Showing posts with label Mind Maps. Show all posts
Showing posts with label Mind Maps. Show all posts

24 March 2025

🏷️Knowledge Representation: On Mind Maps (Quotes)

"A mind map harnesses the full range of cortical skills—word, image, number, logic, rhythm, color, and spatial awareness - in a single, uniquely powerful technique. In doing so, it gives you the freedom to roam the infinite expanse of your brain." (Tony Buzan, Barry Buzan, "The Mind Map Book: How to Use Radiant Thinking to Maximize Your Brain's Untapped Potential", 1996)

"Delay time, the time between causes and their impacts, can highly influence systems. Yet the concept of delayed effect is often missed in our impatient society, and when it is recognized, it’s almost always underestimated. Such oversight and devaluation can lead to poor decision making as well as poor problem solving, for decisions often have consequences that don’t show up until years later. Fortunately, mind mapping, fishbone diagrams, and creativity/brainstorming tools can be quite useful here." (Stephen G Haines, "The Manager's Pocket Guide to Strategic and Business Planning", 1998)
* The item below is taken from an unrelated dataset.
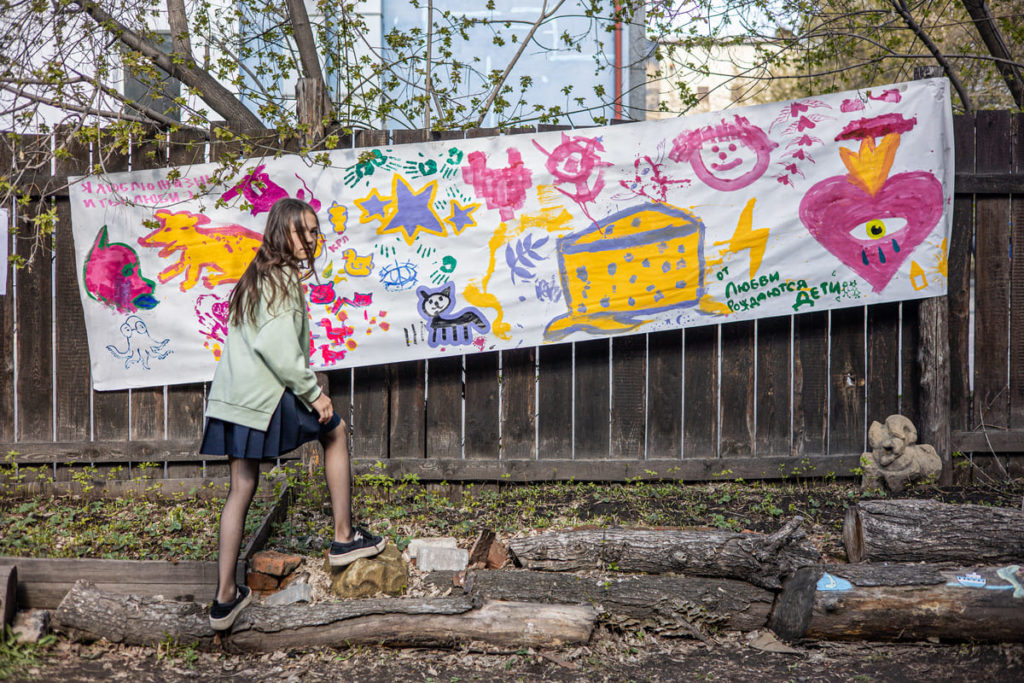 Участники фестиваля «Ненасильственные формы» в Иркутске рисовали картины, украшали забор и клеили звёзды на лоб

"An effective mind map is one that works for you and therefore it is your tailoring and your emphasis, images, colours, codes and style that will determine its effectiveness. Try to develop the habit of taking down all your notes in mind map format. If you are required to give presentations, do this from a mind map. When you are at meetings, take down the minutes in mind map layout and just notice the difference in your ability to retain exactly what happened at that meeting and compare it with your usual logical/analytical method of recording minutes." (Peter F Haddon, Mastering Personal and Interpersonal Skills, 1999)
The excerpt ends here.